First population study of GM mosquitoes highlights difficulties facing malaria control technique

The first laboratory population study of genetically modified mosquitoes identifies issues that need to be faced in the task of turning mosquitoes from disease carriers into disease fighters.

Scientists from Imperial College London report in Science today that populations including genetically modified mosquitoes quickly lose their test marker gene when they are bred with unmodified mosquitoes.

The scientists say their results have several lessons for further work on developing GM mosquitoes, and they suggest a number of ways around the problems they have observed.

With no immediate prospects of a vaccine against the disease that affects more than 300 million people every year, novel strategies to tackle malaria are keenly sought. One strategy is to release a strain of mosquito into the wild that has been genetically engineered so it cannot transmit the malarial parasite.

Since the first GM mosquito was created three years ago at Imperial, scientists considering this approach have been examining the evidence from carefully-contained laboratory tests of how transgenic mosquitoes fare when mixed with populations of unmodified mosquitoes.

This study, which was funded by the Wellcome Trust, indicates that while the act of modifying mosquitoes does not have a major effect on their ability to survive, when the modified insects are placed in a natural population they have relatively low competitiveness.

Professor Andrea Crisanti of the Department of Biological Sciences, and senior author of the paper said: “These population studies are absolutely critical to the regulatory processes that will assess the safety and environmental consequences of this new technology.”

“They will help to assess the overall feasibility and costs of using GM mosquitoes to fight diseases such as malaria, yellow fever and dengue and play an important part in developing future strategies to banish these major scourges afflicting humanity.

“While more work is needed on the molecular genetics of this problem, an increasingly important challenge is to study the population biology of transformed mosquitoes and understand how a beneficial gene can be driven through a wild population,” he said.

The researchers used a stable and proven gene transfer technology to insert a green or red fluorescent marker into four different lines of the mosquito Anopheles stephensi, the major carrier of malaria in India.

In control population studies containing GM mosquitoes only, the fluorescent marker was maintained intact and passed on for over 30 generations. But when the GM insects were allowed to breed with unmodified mosquitoes the number of marker-carrying mosquitoes in the population decreased sharply, and in some experiments the marker disappeared entirely within 4-16 generations.

Professor Charles Godfray, Director of the Natural Environment Research Council (NERC) Centre for Population Biology at Imperial, and co-author of the study, carried out mathematical modelling of the mosquito population dynamics. This allowed the researchers to explore the different processes that might explain the performance of GM mosquitoes in a mixed population.

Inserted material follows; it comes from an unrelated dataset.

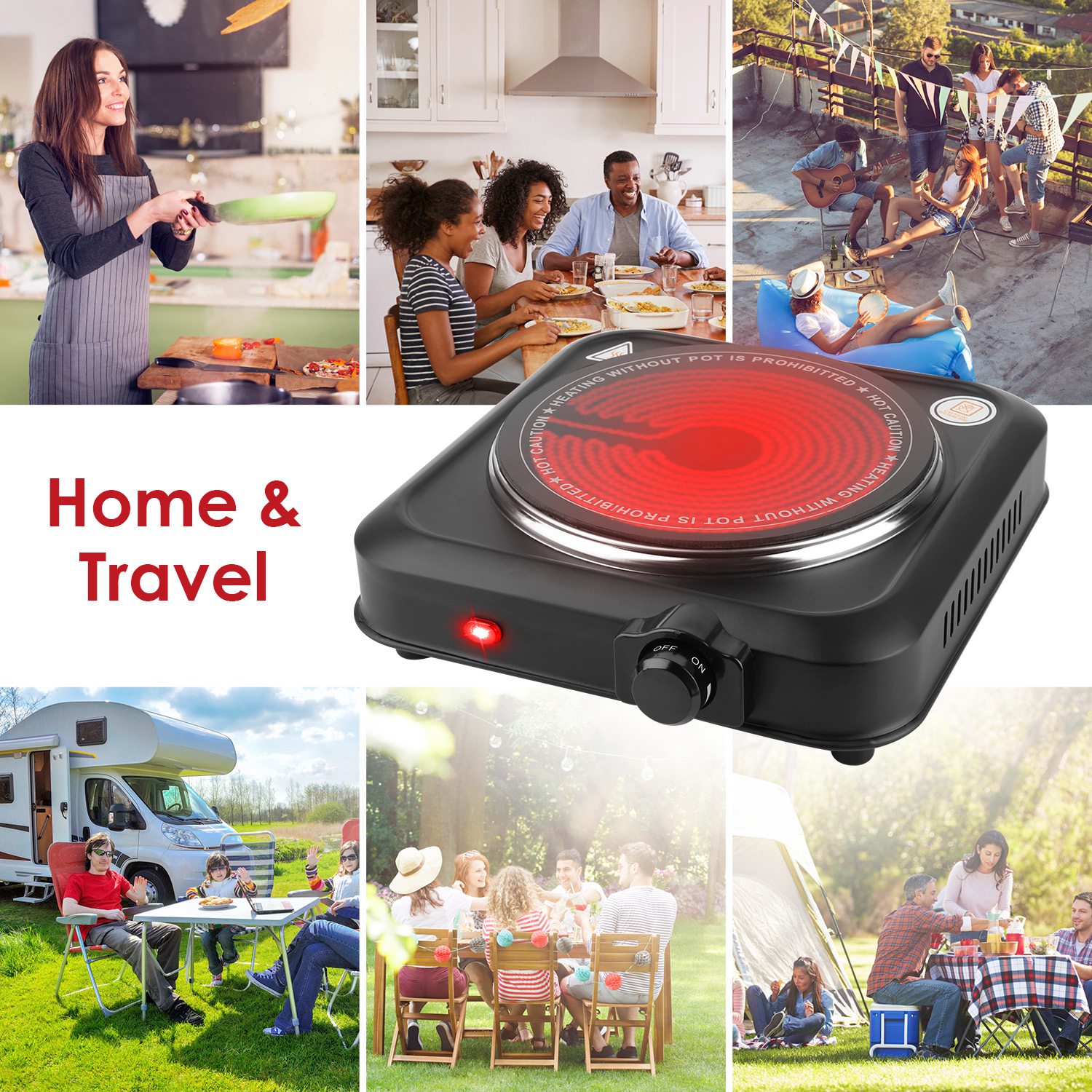 • *Thermostat Temp Control & Easy Cleaning*:The hot plate will auto shut off and the indicator light in front of the enclosure will be extinguished when the preset/desired temperature is reached. When it is lower than the temperature you set,the light turns red to indicate the cooktop is warming or heating. Just simply wipe the non-electrical parts with a damp sponge or half-wet cloth for easy cleaning after cooling down completely and plug removed.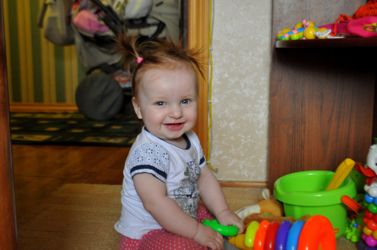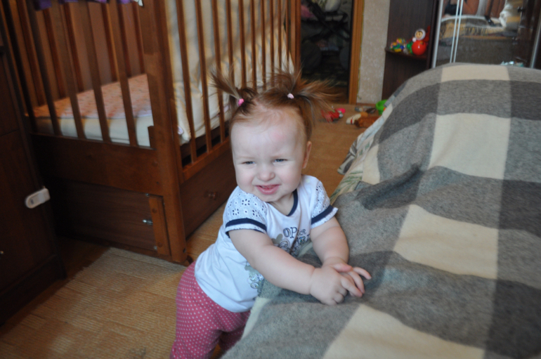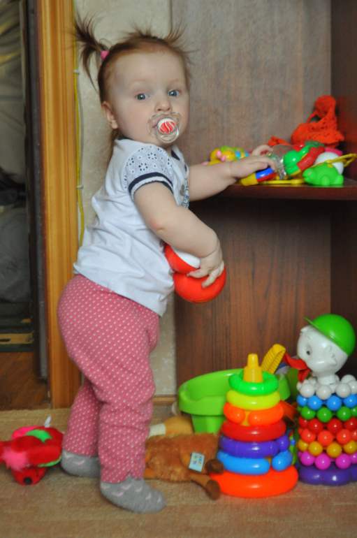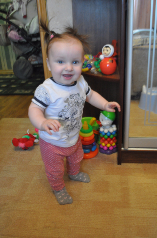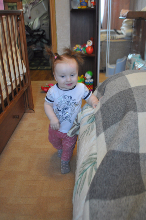 Пытаемся ходить самостоятельно по два шажочка! У опоры чувствуем себя замечательно и бегаем около нее!)

The authors suggested reasons for the poor performance of the mosquitoes carrying the inserted marker gene.

“By creating a strain of GM mosquitoes through breeding descendants of a single transformed individual, the introduced gene is likely to become associated with one or more deleterious mutations. Though these deleterious genes do not kill the GM mosquito, they cause it to lose out in competition with normal mosquitoes. The good news is that now we have identified these problems they can be mitigated by using crossing regimes that minimise the effects of inbreeding,” said the authors.